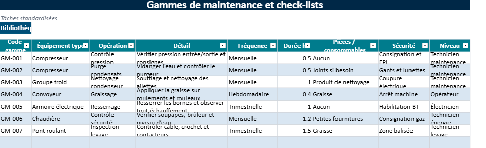 Dans la pratique, cette feuille renforce la cohérence des interventions. Deux techniciens n’interprètent plus différemment une même action préventive. Le niveau d’exécution gagne en homogénéité.
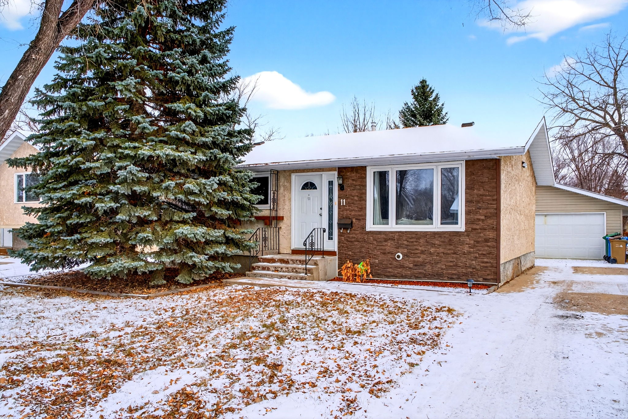 Welcome to 11 Coleman Crescent, a charming and well-maintained bungalow situated in the heart of Glencairn Village. Offering 900 sq ft of comfortable living space, this home is an excellent choice for first-time buyers, downsizers, or investors seeking a solid property in a mature neighbourhood. The bright and inviting living room is highlighted by a large picture window that fills the space with natural light, complemented by updated vinyl plank flooring for a clean, modern look. The eat-in kitchen offers good counter space, practical storage, and plenty of room for a dining table—perfect for everyday meals or hosting friends and family. Down the hall, you’ll find two comfortable bedrooms, including a spacious primary, along with a well-appointed 4-piece bathroom. The unfinished basement provides a blank canvas for future development, whether you envision additional living space, a home gym, or ample storage. Outside, the home sits on a generous 5,715 sq ft lot with front and back lawns, mature shrubs, and a fenced yard that’s ideal for kids or pets. A major highlight is the 24' x 26' double detached garage, offering exceptional parking, workshop potential, and easy vehicle storage through Saskatchewan winters. The concrete driveway provides additional off-street parking. Nestled on a quiet crescent, located close to parks, schools, shopping, and east-end amenities, this home delivers comfort, convenience, and value.
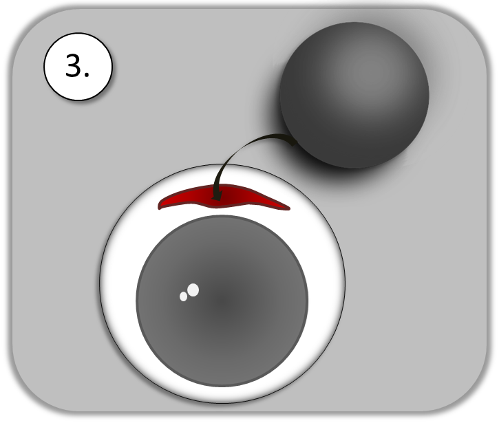 Eine Silikonkugel wird in den Augapfel eingebracht.
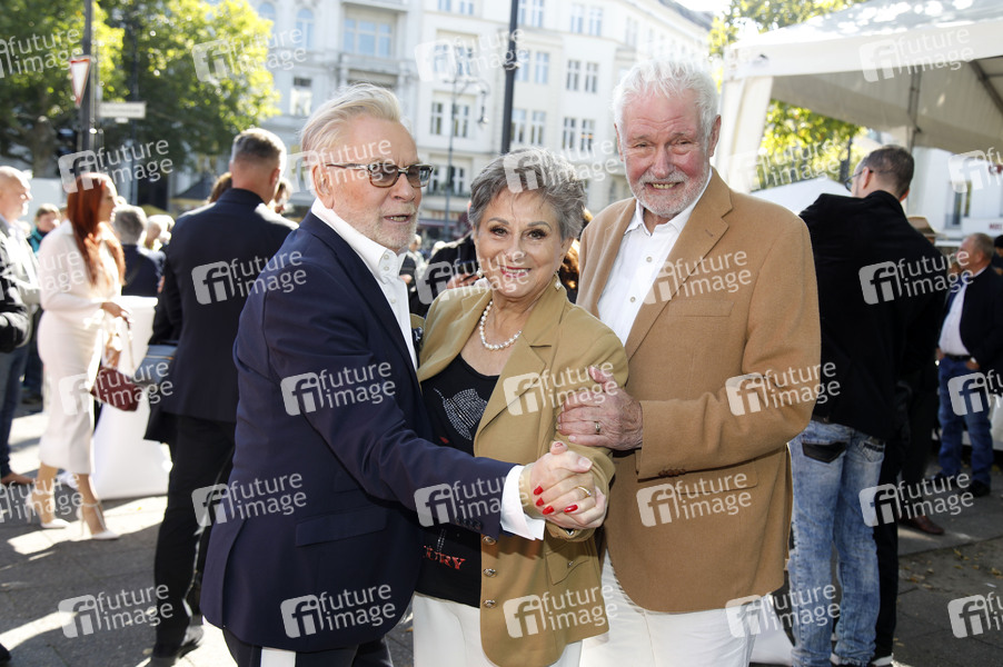 Rene Koch, Dagmar Frederic und Klaus Lenk bei der offiziellen Einweihung des Harald-Juhnke-Platzes am Kurfürstendamm. Berlin, 29.09.2025
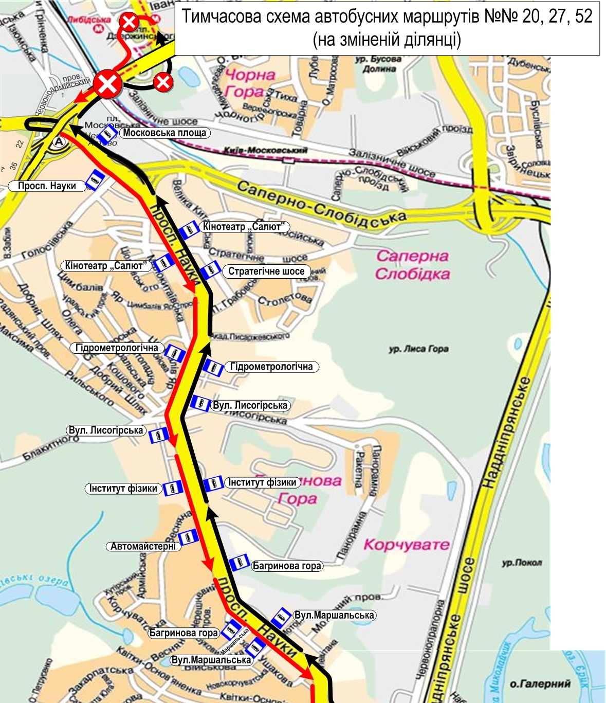 • автобусів маршруту № 52 – від вул. Закарпатської до Московської площі  (орієнтовно з 9:30 до 12:30);
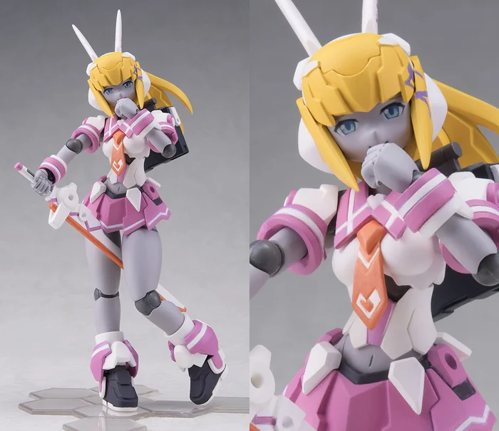 The Polynians are attacking again! And we couldn’t be happier! This time around, blond-haired Dreamy joins the party. Just as her Polynian kin, this cute robo girl has flexible ball joints from her neck to her ankles so that you can pose her just about any way imaginable. She’s dressed in a pink and white schoolgirl uniform, and her outfit is as blocky as you would expect of the Neoanthropinae lifestyle. Dreamy is decked out with multiple extra parts, including three faceplates, a sword, and a school bag that she can carry by hand or attach to her back. We assume the sword is handy for clobbering any strangers trying to peak at those adorable purple pantsu of hers!
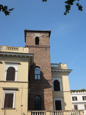 San Giacomo alla Lungara is a Romanesque church in Trastevere with thick walls and rounded arches typical of that style, positioned along Via della Lungara. The structure features a single nave and is topped by a medieval bell tower that stands out when viewed from the street.

→ **Task item**
Write down exactly what the lines above say, from the line holding "Eine Silikonkugel wird" through the line holding "9:30 до 12:30);", and nothing more. Do not copy the pictures.

→ **Response below**
 Eine Silikonkugel wird in den Augapfel eingebracht.
 Rene Koch, Dagmar Frederic und Klaus Lenk bei der offiziellen Einweihung des Harald-Juhnke-Platzes am Kurfürstendamm. Berlin, 29.09.2025
 • автобусів маршруту № 52 – від вул. Закарпатської до Московської площі  (орієнтовно з 9:30 до 12:30);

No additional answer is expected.